Data shown:
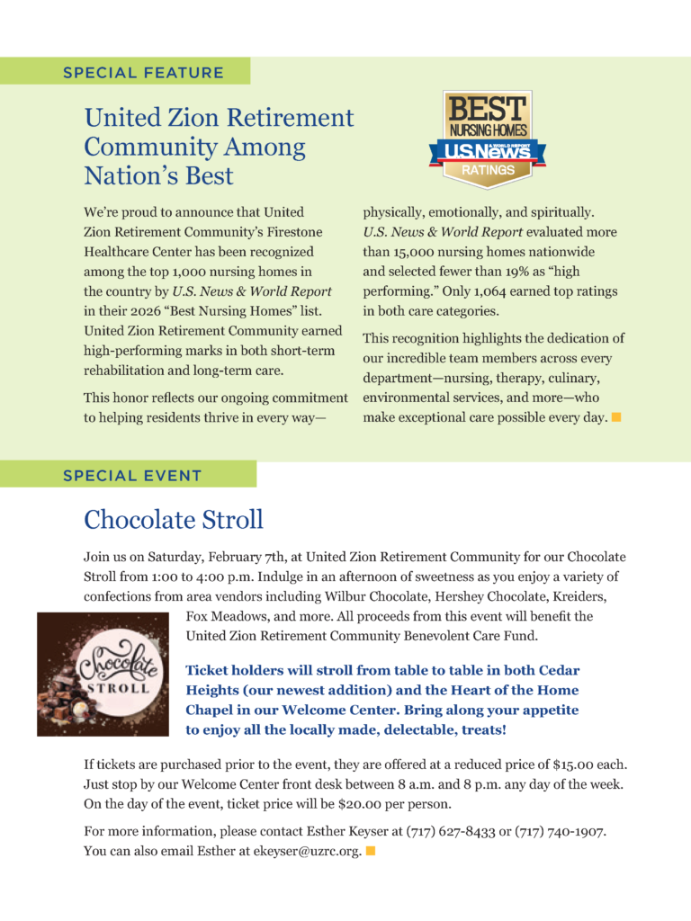 United Zion Retirement Community Named Among Nation’s Best by U.S. News & World Report
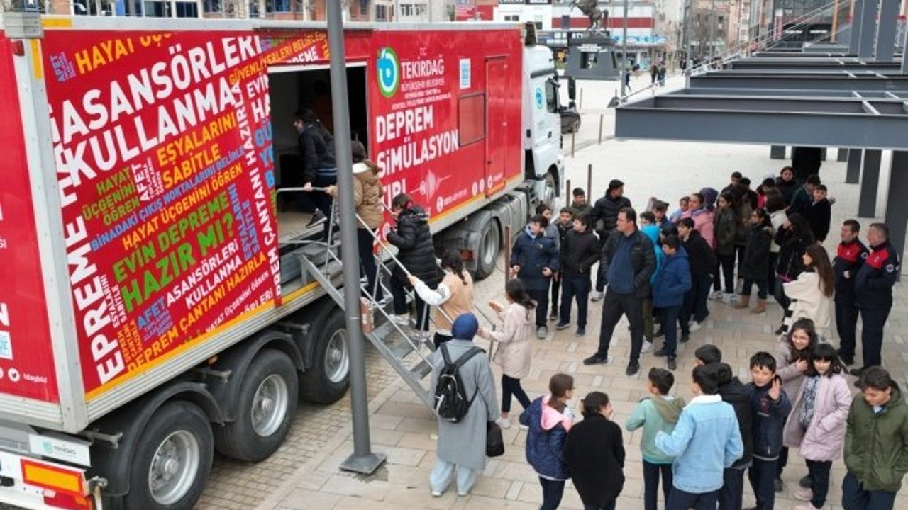 Deprem Simülasyon Tırının ülke genelinde dolaşarak çocuklara ve yetişkinlere deprem anında yapılması gerekenler hakkında eğitimler verdiğini belirten yetkililer, “TBB Deprem Risk Yönetimi ve Kentsel İyileştirme Daire Başkanlığı’na ait Deprem Simülasyon Tırı, Çerkezköy’e geldi. Öğrencilerimizi ve isteyen vatandaşlarımızı Deprem Simülasyon Tırımıza alarak deprem konusunda bilgilendirdik” açıklamalarında bulundu.
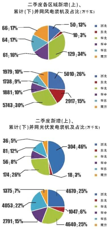 華中、華東和南方地區(qū)消納情況整體較好。二季度,中東部和南方地區(qū)棄風(fēng)1.4億千瓦時(shí),棄光2.2億千瓦時(shí)。湖南二季度進(jìn)入汛期后出現(xiàn)一定棄電,西藏受電網(wǎng)送出限制造成棄光率較高但總量不大,貴州和云南受局部網(wǎng)架影響出現(xiàn)了微量的棄風(fēng)棄光,其余地區(qū)無新能源消納問題。

Assigned task:
Output the full listing verbatim; pictures stay out.

Solution for this problem:
 United Zion Retirement Community Named Among Nation’s Best by U.S. News & World Report
 Deprem Simülasyon Tırının ülke genelinde dolaşarak çocuklara ve yetişkinlere deprem anında yapılması gerekenler hakkında eğitimler verdiğini belirten yetkililer, “TBB Deprem Risk Yönetimi ve Kentsel İyileştirme Daire Başkanlığı’na ait Deprem Simülasyon Tırı, Çerkezköy’e geldi. Öğrencilerimizi ve isteyen vatandaşlarımızı Deprem Simülasyon Tırımıza alarak deprem konusunda bilgilendirdik” açıklamalarında bulundu.
 華中、華東和南方地區(qū)消納情況整體較好。二季度,中東部和南方地區(qū)棄風(fēng)1.4億千瓦時(shí),棄光2.2億千瓦時(shí)。湖南二季度進(jìn)入汛期后出現(xiàn)一定棄電,西藏受電網(wǎng)送出限制造成棄光率較高但總量不大,貴州和云南受局部網(wǎng)架影響出現(xiàn)了微量的棄風(fēng)棄光,其余地區(qū)無新能源消納問題。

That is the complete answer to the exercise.